Some lines in the listing hold the word "Besson". Return each of them.
*** Opening AVAILABLE DATA ***
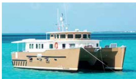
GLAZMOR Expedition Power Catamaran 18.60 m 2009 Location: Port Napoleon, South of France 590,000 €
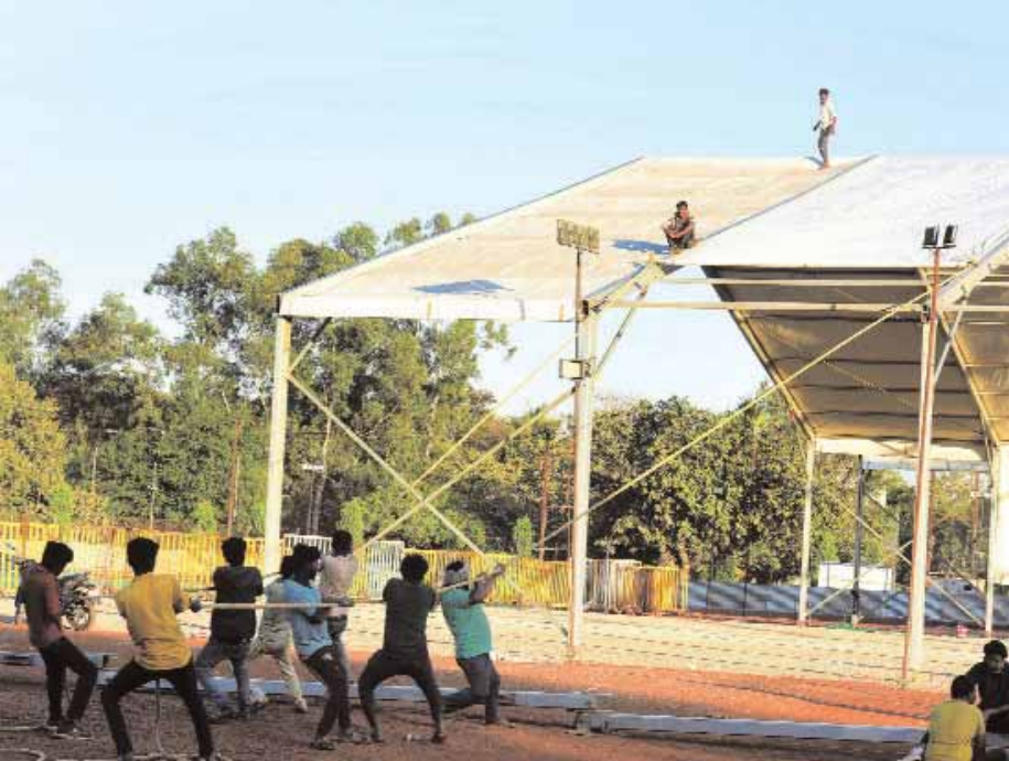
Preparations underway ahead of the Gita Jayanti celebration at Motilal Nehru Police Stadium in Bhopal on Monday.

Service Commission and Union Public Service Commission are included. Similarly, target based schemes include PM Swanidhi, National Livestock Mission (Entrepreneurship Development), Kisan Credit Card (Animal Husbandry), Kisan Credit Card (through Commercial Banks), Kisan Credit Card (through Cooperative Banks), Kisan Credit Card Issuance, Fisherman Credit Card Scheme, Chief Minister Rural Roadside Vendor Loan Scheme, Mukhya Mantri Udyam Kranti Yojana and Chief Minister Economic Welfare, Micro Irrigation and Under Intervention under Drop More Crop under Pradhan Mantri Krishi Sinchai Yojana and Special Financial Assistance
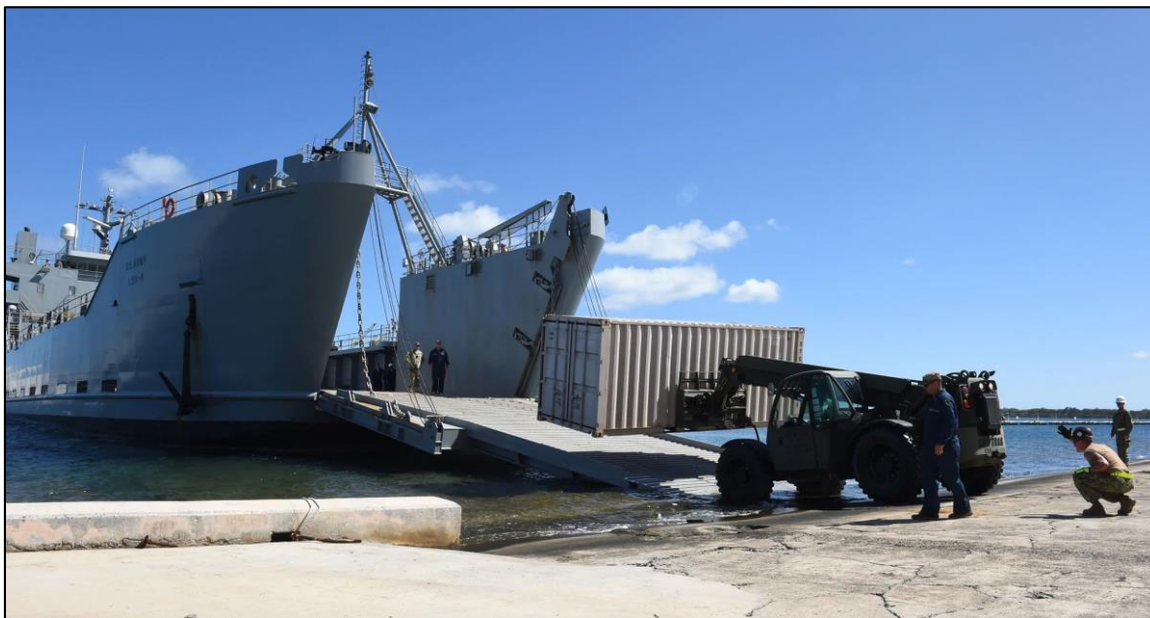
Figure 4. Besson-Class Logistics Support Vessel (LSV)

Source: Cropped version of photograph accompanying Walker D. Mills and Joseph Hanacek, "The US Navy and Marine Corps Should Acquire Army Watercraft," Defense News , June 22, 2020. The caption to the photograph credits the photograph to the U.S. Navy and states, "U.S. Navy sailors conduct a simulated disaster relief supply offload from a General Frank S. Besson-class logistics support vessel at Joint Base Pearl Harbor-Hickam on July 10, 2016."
*** Closing AVAILABLE DATA ***
• TASK RESPONSE:
Figure 4. Besson-Class Logistics Support Vessel (LSV)
Source: Cropped version of photograph accompanying Walker D. Mills and Joseph Hanacek, "The US Navy and Marine Corps Should Acquire Army Watercraft," Defense News , June 22, 2020. The caption to the photograph credits the photograph to the U.S. Navy and states, "U.S. Navy sailors conduct a simulated disaster relief supply offload from a General Frank S. Besson-class logistics support vessel at Joint Base Pearl Harbor-Hickam on July 10, 2016."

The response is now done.